Every society has a top 1%, whether it’s the billionaire class or the Politburo. It has been the case that the people with the PhDs were among that class of elites, but not recently. It’s an open question who the elites should be. It’s historically been the case that US elites were white men, and while that’s changing, it’s not actually changed very much yet. Harvard, Yale, Princeton, and Stanford will achieve truly representative diversity, but without expanding their first year classes. Perhaps tomorrow’s elites will be truly representative of the rest of the country.

It’s also an open question for political debate how much better off the elites should be than the people below them: I tend to favor egalitarian distributions of well-being, myself, but I recognize that there are lots of people who disagree, and for something approaching good institutional reasons. Specifically, the existence of a top 1% doesn’t actually tell us anything about the material conditions of the bottom 99%.

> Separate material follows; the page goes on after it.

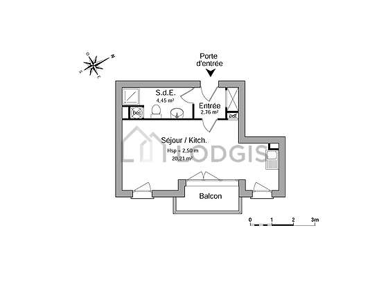 Este apartamento é equipado de uma casa de banho. Esta sala de água dispõe do necessário pelo seu bem estar na sua vida quotidiana. Os WC são separados da casa de banho e situados em uma peça independente.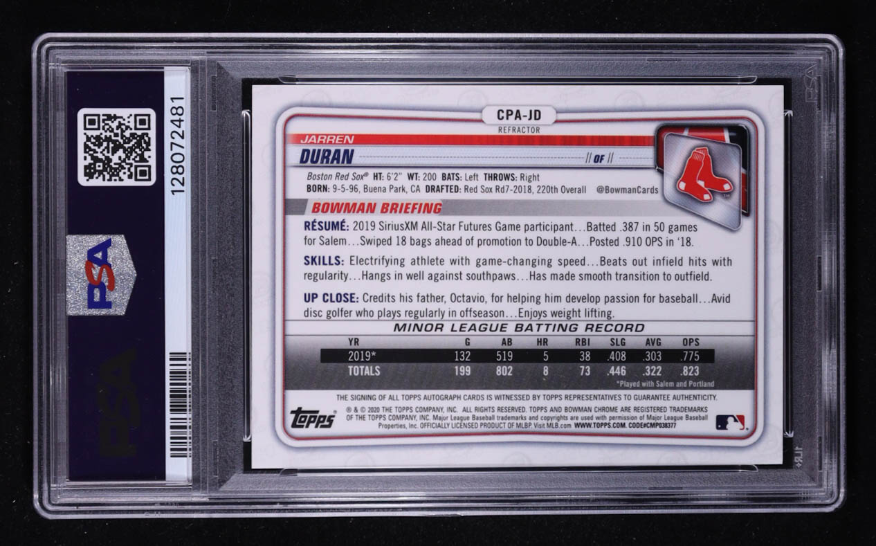 Jarren Duran 2020 Bowman Chrome Prospect Refractor Auto #CPA-JD RC #308/499 (PSA 10)

There’s good reason to believe that social justice work to ensure diversity has largely helped contribute to what Deirdre McCloskey calls the Great Enrichment. The American 99% are much better off than most precisely because we have been forced to diversify both our elites and our middle-class. We can expect to reap further wealth gains if we continue to diversify our elites, so we obviously should.

US Political Parties Could Be Better

A few things follow from all this. First, it seems highly desirable to have two healthy, reasonable parties at all times. Constitutional hardball is dangerous in a way that threatens to shatter the conditions of possibility for our overt disagreements. Yet the best evidence suggests that the Republican Party has been growing increasingly extreme for almost twenty years. This is easy for opponents to celebrate, as it tends to render Republican politicians and Republican voters less effective at making progress on their policy goals, and might well help Democrats win in November. But in the medium and long-term, it’s deeply unstable (it has already been destabilizing.) The survival of a political order has to be compatible with either party losing elections.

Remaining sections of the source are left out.